* **EXERCISE PROMPT**
Copy, exactly as written, the lines that begin at the one containing "Dorong Pertumbuhan Ekonomi, Satgas" and end at the one containing "5月30日,在保康县第一中学,高三的学生们将纸飞机抛向空中。". Skip any pictures in the data below.

* **RECORDED INFORMATION**
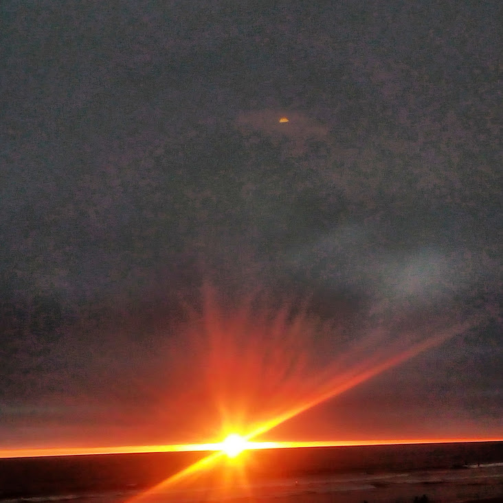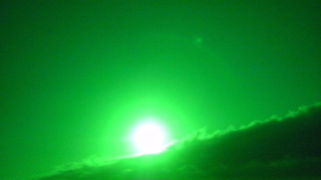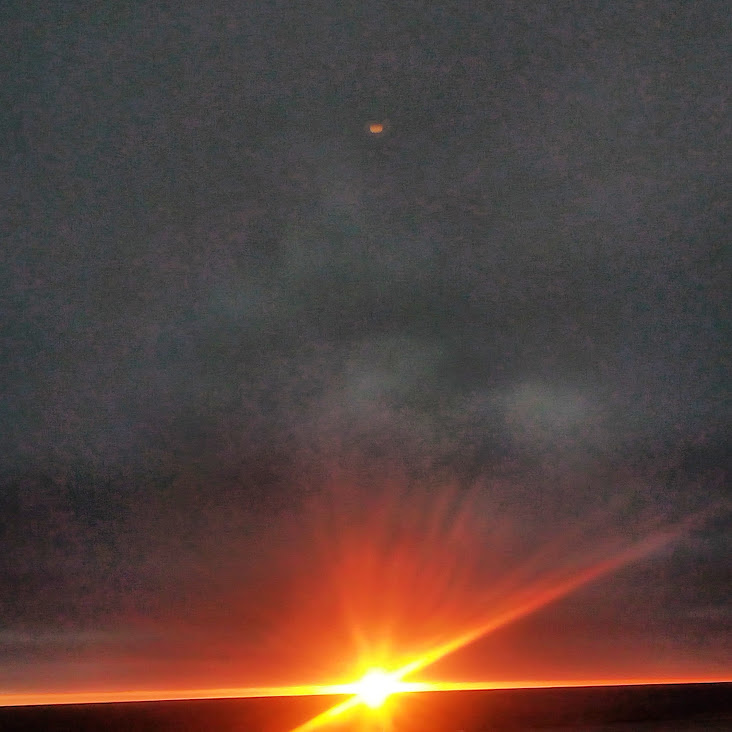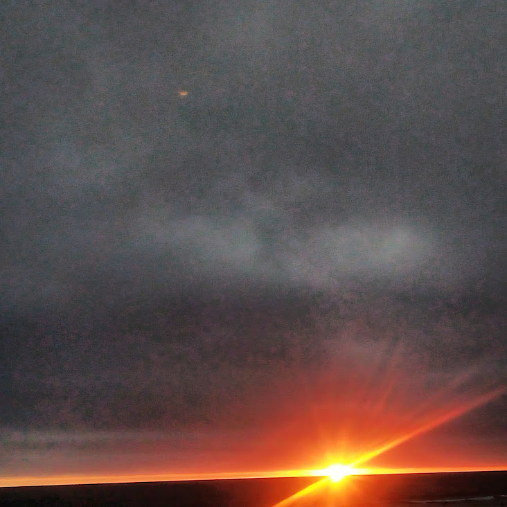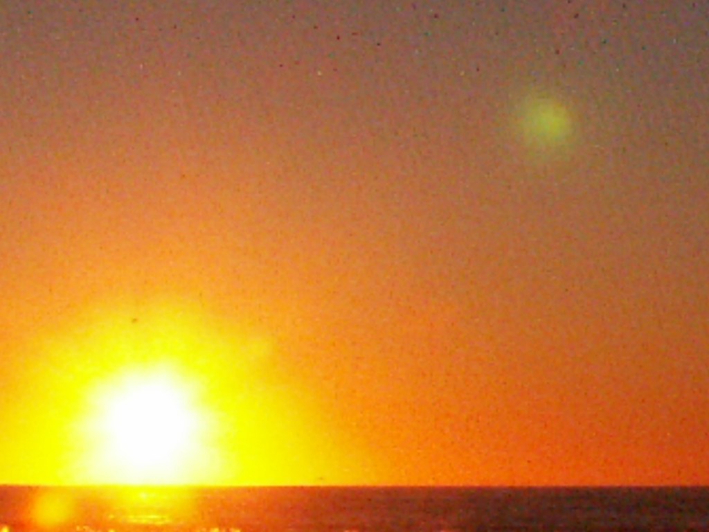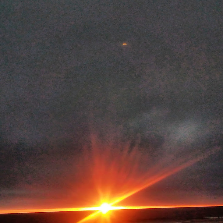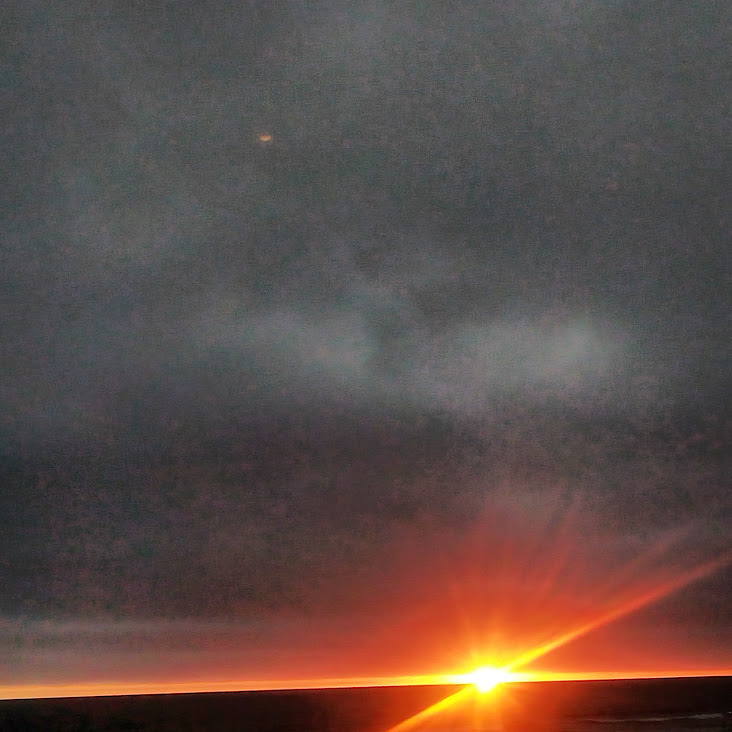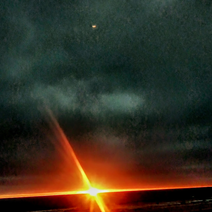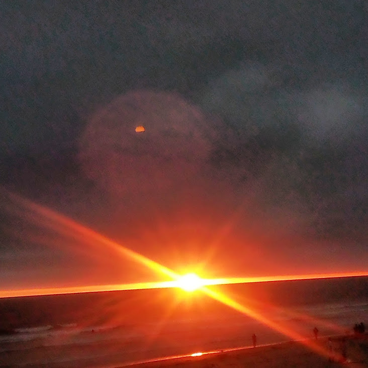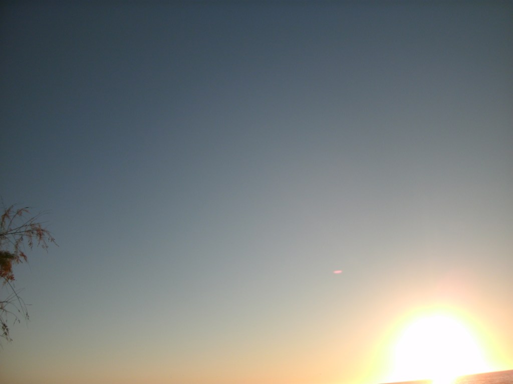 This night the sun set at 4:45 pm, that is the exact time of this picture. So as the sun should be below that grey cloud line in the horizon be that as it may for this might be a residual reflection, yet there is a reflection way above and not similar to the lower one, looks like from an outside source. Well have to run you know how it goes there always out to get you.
--
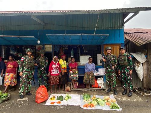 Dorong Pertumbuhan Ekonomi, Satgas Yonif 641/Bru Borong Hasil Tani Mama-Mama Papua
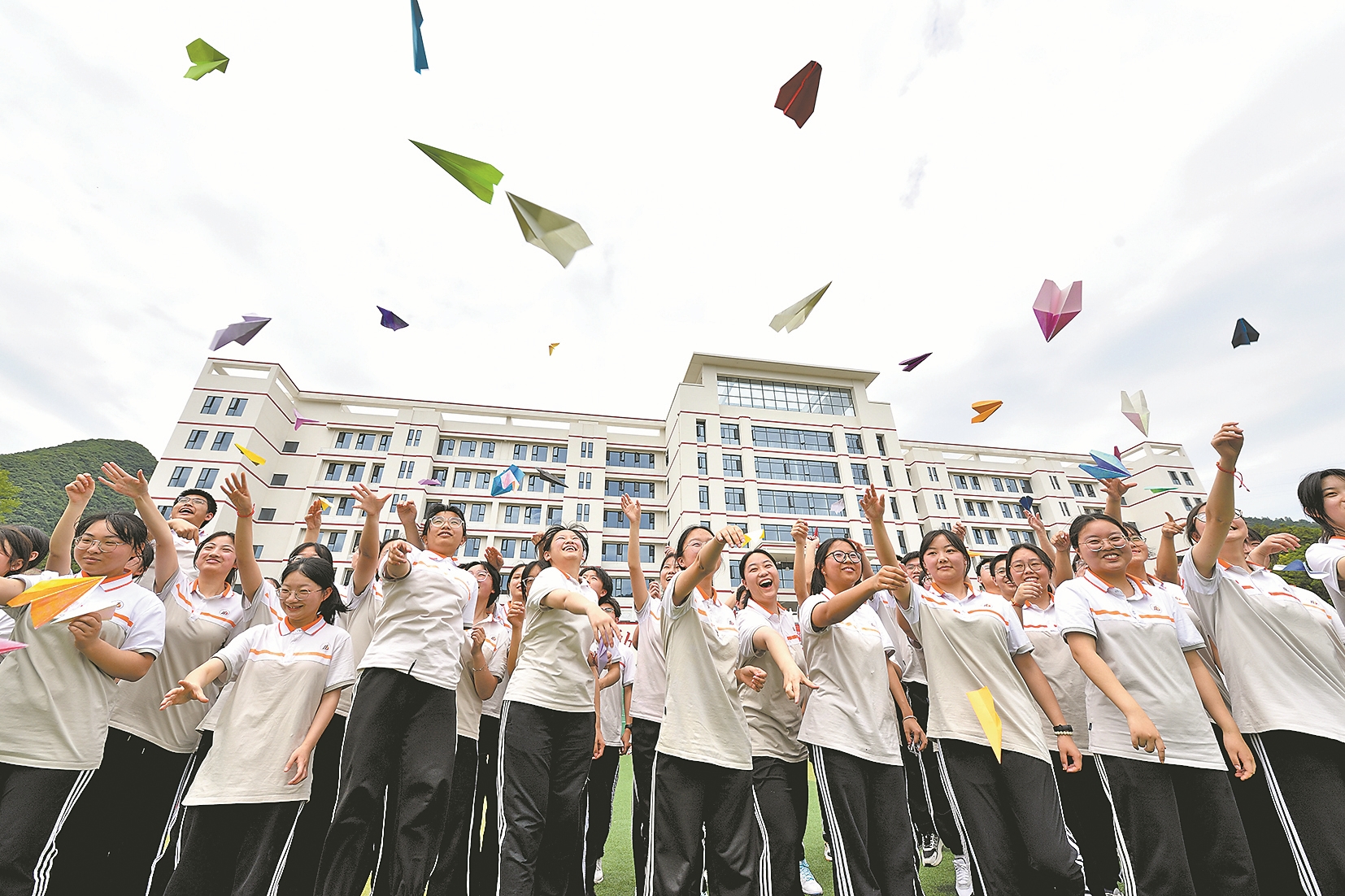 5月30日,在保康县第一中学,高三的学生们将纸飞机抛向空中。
* * *
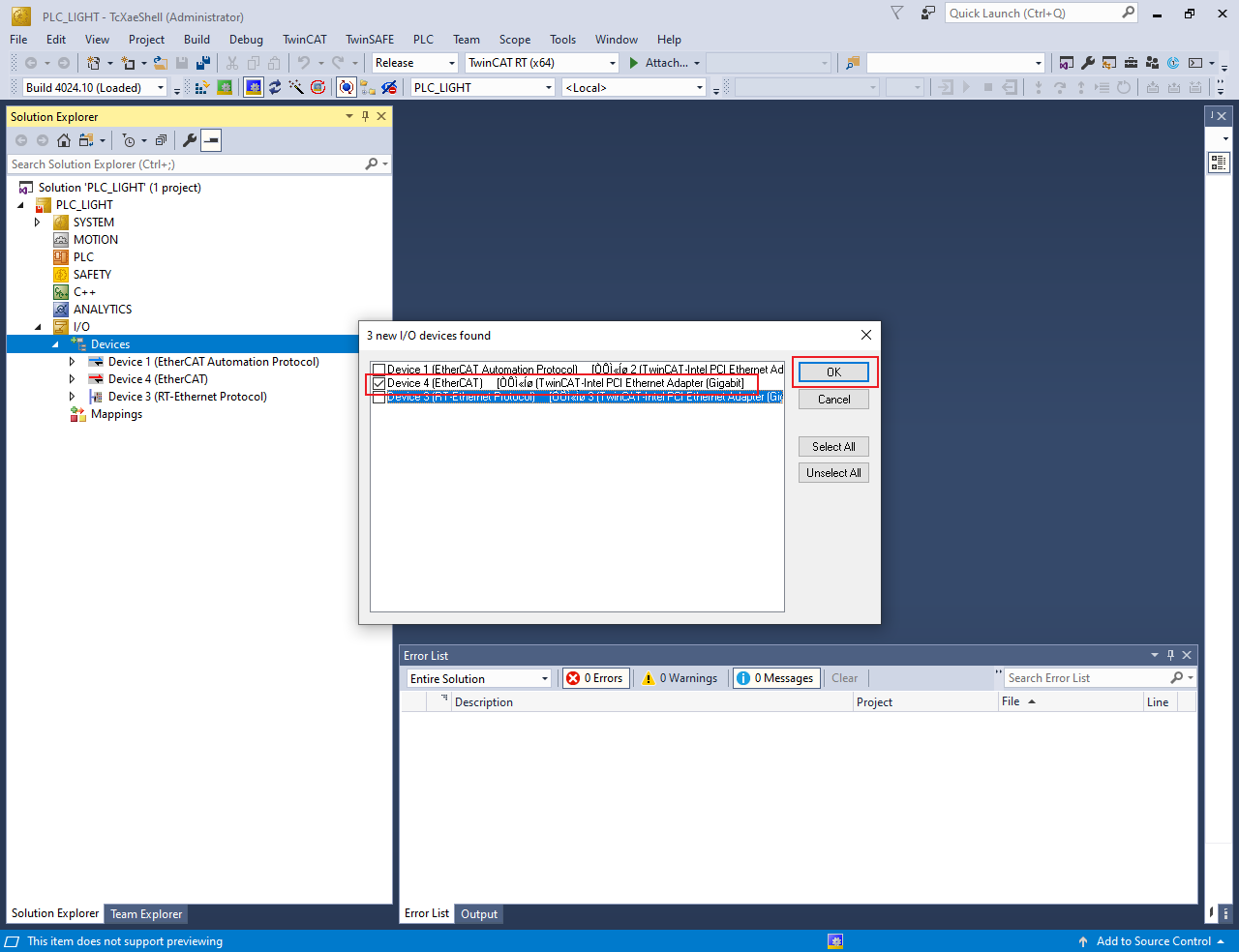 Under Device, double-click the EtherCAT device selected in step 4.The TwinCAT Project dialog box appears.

* **SOLUTION BELOW**
 Dorong Pertumbuhan Ekonomi, Satgas Yonif 641/Bru Borong Hasil Tani Mama-Mama Papua
 5月30日,在保康县第一中学,高三的学生们将纸飞机抛向空中。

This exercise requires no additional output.